«D'un autre côté, en admettant ce fait, il n'aurait pas autorisé un arrêt de mort, car il n'y avait évidemment ni préméditation ni guet-apens dans le sens des articles 296 et 297 du Code pénal, l'enfant n'ayant pu prévoir l'arrivée fortuite du curé d'Irigny, dans ces circonstances, à Saint-Genis Laval. On n'eût pu prononcer, tout au plus, d'après l'article 304, que la peine des travaux forcés à perpétuité.

«3º Gaspard Berger, Jean Foy, Denis Bauchet et François Guillermin, convaincus, dit l'arrêt, d'avoir, «non-seulement par leurs cris et leurs discours, mais encore par des faits et des actions très-caractérisés, provoqué au renversement du gouvernement,» ont été condamnés à la déportation.

«Imputations vagues, comme on l'a déjà dit, et qui ne sauraient justifier une condamnation aussi terrible.

«4º Étiennette Templardon, Jean Rapet, Benoît Rivoire, Michel Rivoire, Antoine Roman, dit Lavigne, et François Thiollin, déclarés coupables d'avoir commis des actes séditieux en invoquant le nom de l'usurpateur, ont été condamnés à deux ans, trois ans et cinq ans d'emprisonnement, sauf Étiennette Templardon, dont la condamnation n'est que de trois mois.

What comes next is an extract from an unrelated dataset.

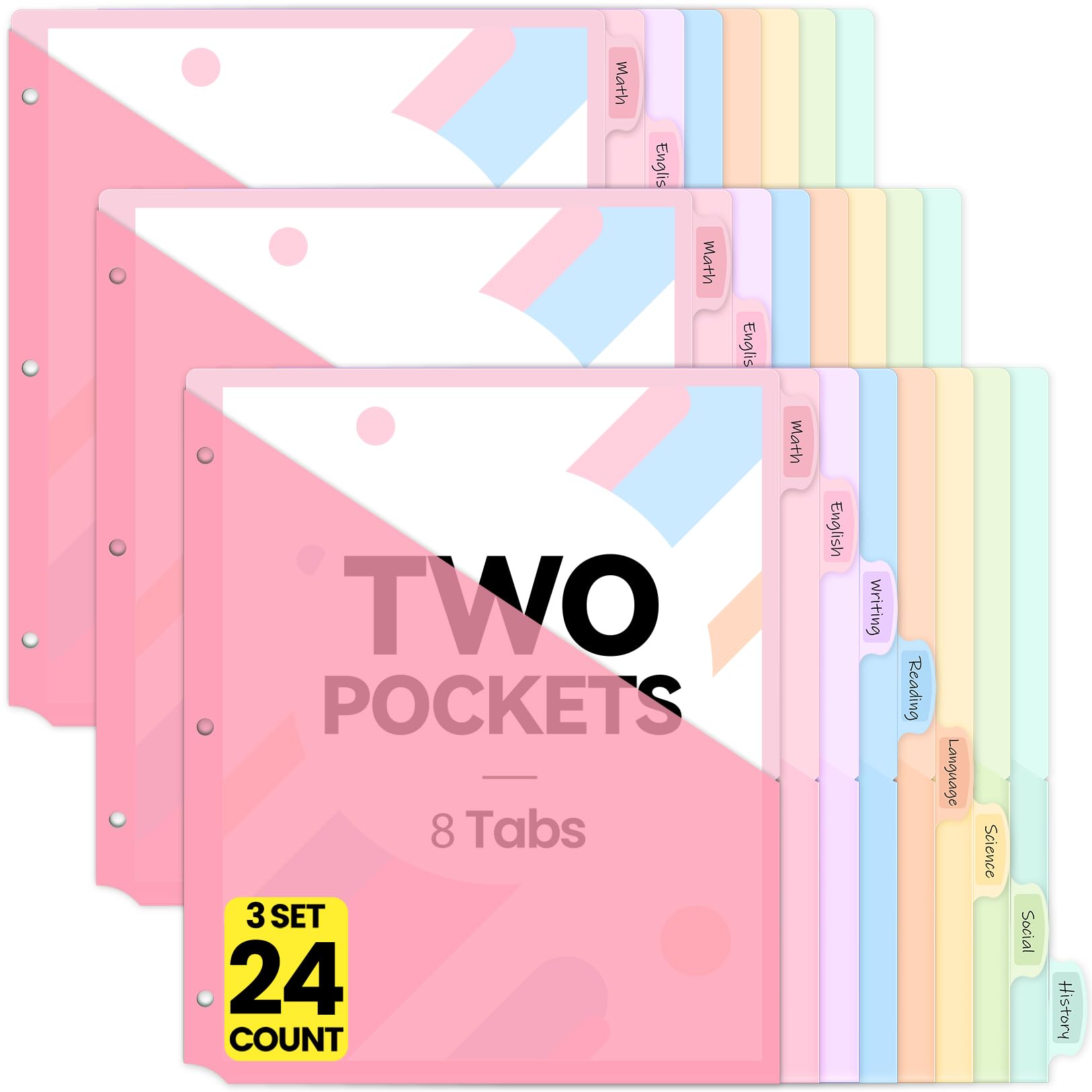 Sooez 24 Count Dividers with 2 Pockets, 8 Tabs Binder Dividers for 3 Ring Binders, Binder Dividers with tabs, Binder Divider with Pockets for US Letter Size, Insertable Big Tabs, Pastels, Set of 3

«Au premier coup d'oeil, ces condamnations paraissent autorisées par l'article 17 de la loi prévôtale, et justifiées par l'article 10 de la loi du 9 novembre 1815; mais, pour peu qu'on y réfléchisse, on reconnaît bientôt qu'elles n'auraient pas du être prononcées.

«Ces actes séditieux faisaient partie de la sédition principale. Or, puisque l'article 100 du Code pénal accordait leur pardon à tous ceux qui, n'ayant point exercé d'emploi, avaient été saisis sans résistance et sans armes, comme tous ces accusés, hors de la réunion séditieuse, il n'était pas permis d'éluder cette disposition. Le plus grave des actes séditieux était la sédition même; l'attroupement ne pouvait donc pas être puni en partie quand la loi pardonne pour le tout.

septième arrêt.--25 juillet.

«Dix-neuf individus mis en jugement.

«Tous accusés, dit l'arrêt, d'avoir participé à l'attentat dont le but était de détruire ou de renverser le gouvernement, etc., etc...; d'avoir fait partie des bandes qui se sont formées, le 1er juin, à la Serrandière, et, le 8, dans la commune d'Amberieux; d'avoir levé et organisé les bandes; d'y avoir rempli divers emplois ou commandements; d'avoir accepté différentes missions relatives à l'insurrection.»

«Accusation illégale quant au crime d'attentat, puisque la cour prévôtale n'était pas juge. Quant aux autres faits, ils sont déclarés communs à tous les accusés. Cependant il est bien aisé de voir que tous les accusés n'ont pas pu lever la même bande, c'est-à-dire se commander eux-mêmes; que tous n'ont pu y commander ou y remplir des emplois en même temps.